**Try it:** Go through the listing below and output exactly the line with "许多豪宅有的偏好超长超宽规格", the line with "人気の美容機器(市場価格88万円)を月額レンタル代金のみで導入が可能に!", and each line between; omit the rest.

**Provided data:**
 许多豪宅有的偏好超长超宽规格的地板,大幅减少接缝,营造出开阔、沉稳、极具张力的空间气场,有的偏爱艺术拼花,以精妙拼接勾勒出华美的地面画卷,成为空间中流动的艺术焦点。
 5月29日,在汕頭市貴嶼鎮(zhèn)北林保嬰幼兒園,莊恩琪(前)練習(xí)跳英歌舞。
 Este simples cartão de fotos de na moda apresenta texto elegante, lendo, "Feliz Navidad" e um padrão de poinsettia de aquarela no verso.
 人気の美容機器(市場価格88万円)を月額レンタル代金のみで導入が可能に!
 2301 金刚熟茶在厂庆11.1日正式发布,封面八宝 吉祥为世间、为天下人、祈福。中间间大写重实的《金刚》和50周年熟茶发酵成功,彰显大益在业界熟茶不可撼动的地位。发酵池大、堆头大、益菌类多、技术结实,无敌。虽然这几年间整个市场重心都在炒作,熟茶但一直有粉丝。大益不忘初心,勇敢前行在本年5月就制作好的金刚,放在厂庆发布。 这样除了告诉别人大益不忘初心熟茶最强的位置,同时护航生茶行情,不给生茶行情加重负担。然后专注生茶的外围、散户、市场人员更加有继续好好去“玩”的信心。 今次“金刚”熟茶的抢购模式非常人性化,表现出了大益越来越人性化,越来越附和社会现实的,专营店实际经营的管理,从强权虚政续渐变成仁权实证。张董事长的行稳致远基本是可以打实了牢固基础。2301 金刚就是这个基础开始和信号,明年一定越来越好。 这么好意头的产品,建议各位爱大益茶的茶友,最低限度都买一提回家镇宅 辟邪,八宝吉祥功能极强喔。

---

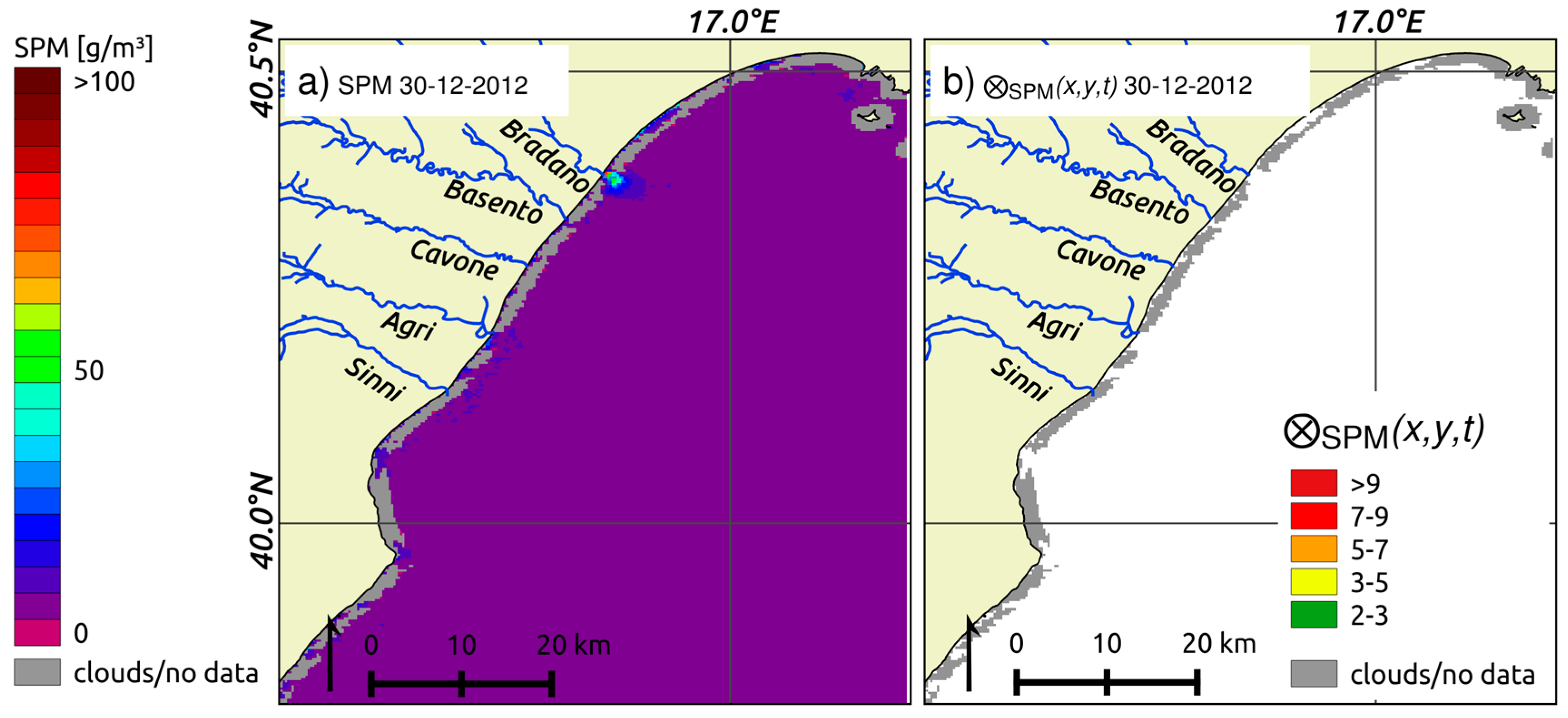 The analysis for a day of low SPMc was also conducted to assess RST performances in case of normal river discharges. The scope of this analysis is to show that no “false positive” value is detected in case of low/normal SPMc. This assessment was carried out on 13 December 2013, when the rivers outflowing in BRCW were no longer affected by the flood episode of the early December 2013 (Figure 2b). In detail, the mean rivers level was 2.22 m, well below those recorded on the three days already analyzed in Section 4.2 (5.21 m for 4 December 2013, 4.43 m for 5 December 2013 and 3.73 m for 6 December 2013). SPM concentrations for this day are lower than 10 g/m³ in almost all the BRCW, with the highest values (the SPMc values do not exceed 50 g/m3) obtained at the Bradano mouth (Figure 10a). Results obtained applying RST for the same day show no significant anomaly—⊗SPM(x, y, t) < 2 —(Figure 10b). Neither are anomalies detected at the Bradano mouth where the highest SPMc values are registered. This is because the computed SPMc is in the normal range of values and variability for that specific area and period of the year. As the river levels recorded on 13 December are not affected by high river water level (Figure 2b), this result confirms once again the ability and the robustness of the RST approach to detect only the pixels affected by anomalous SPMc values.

--

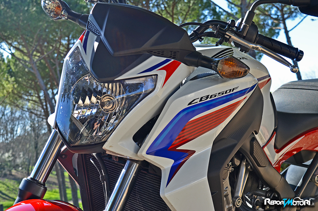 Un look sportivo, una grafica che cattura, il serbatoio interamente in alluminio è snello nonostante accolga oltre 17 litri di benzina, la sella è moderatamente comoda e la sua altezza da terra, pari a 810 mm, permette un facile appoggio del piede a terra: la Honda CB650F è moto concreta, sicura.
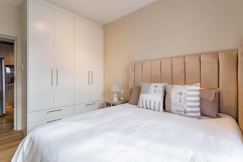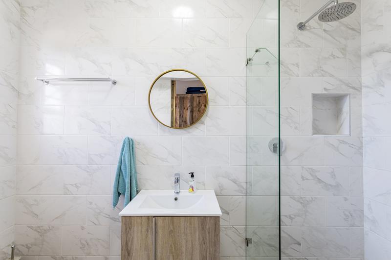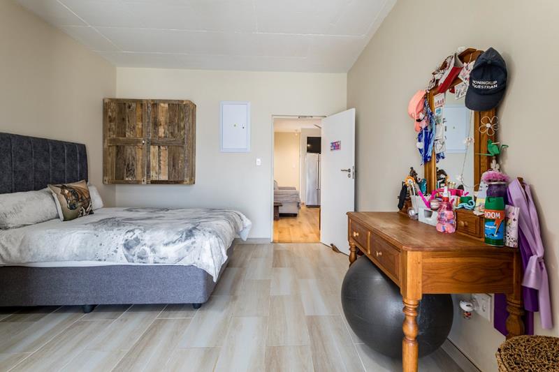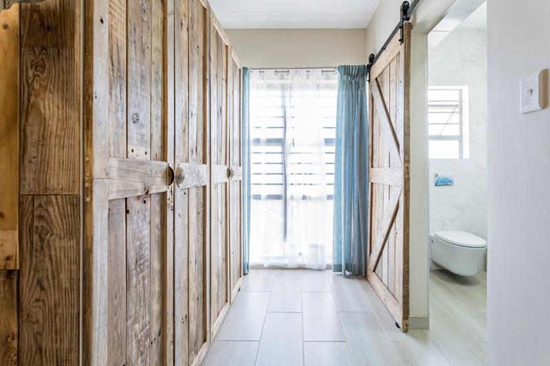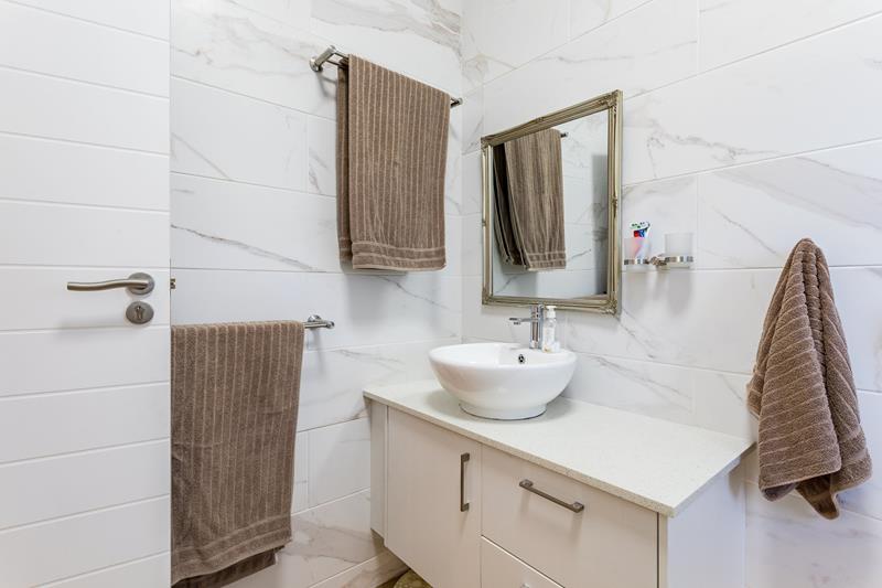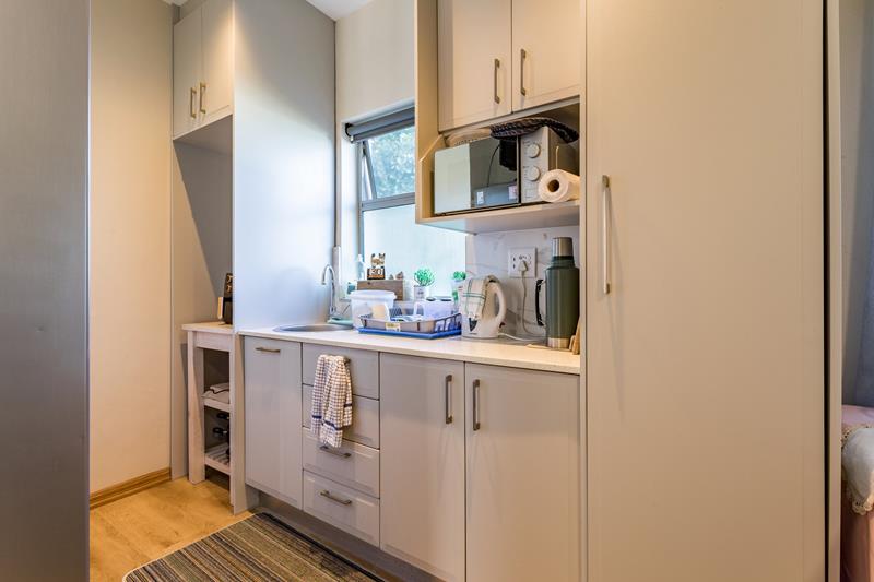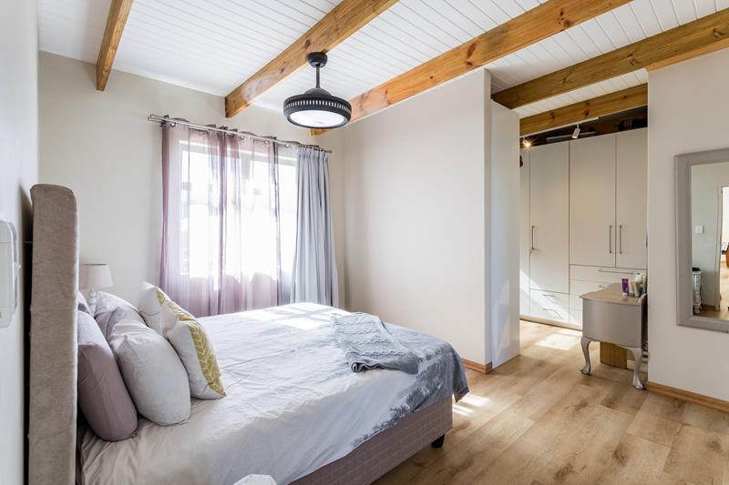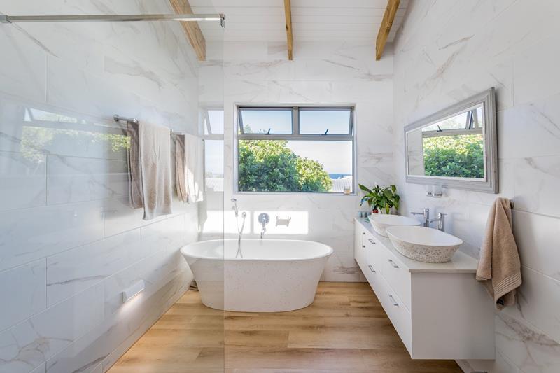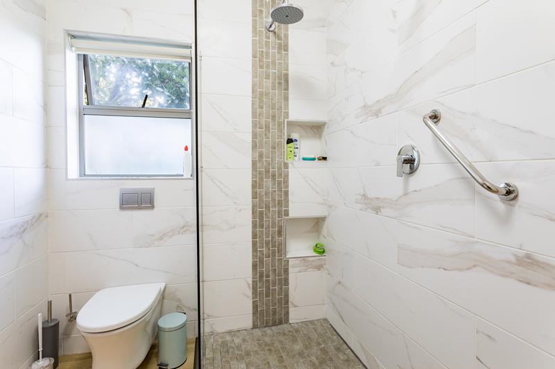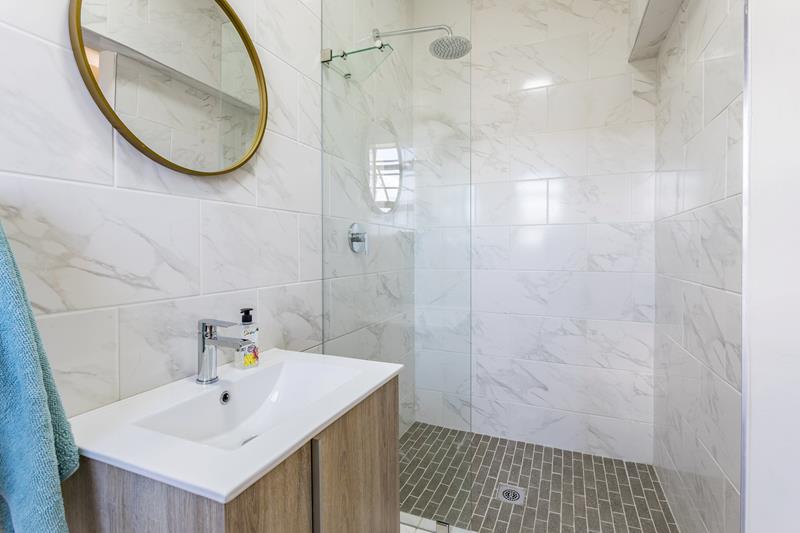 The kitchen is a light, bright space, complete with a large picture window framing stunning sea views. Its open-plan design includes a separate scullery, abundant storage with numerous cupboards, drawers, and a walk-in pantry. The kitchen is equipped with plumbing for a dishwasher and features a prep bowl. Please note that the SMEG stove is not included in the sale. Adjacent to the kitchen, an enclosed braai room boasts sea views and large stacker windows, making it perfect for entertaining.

**Task response:**
 许多豪宅有的偏好超长超宽规格的地板,大幅减少接缝,营造出开阔、沉稳、极具张力的空间气场,有的偏爱艺术拼花,以精妙拼接勾勒出华美的地面画卷,成为空间中流动的艺术焦点。
 5月29日,在汕頭市貴嶼鎮(zhèn)北林保嬰幼兒園,莊恩琪(前)練習(xí)跳英歌舞。
 Este simples cartão de fotos de na moda apresenta texto elegante, lendo, "Feliz Navidad" e um padrão de poinsettia de aquarela no verso.
 人気の美容機器(市場価格88万円)を月額レンタル代金のみで導入が可能に!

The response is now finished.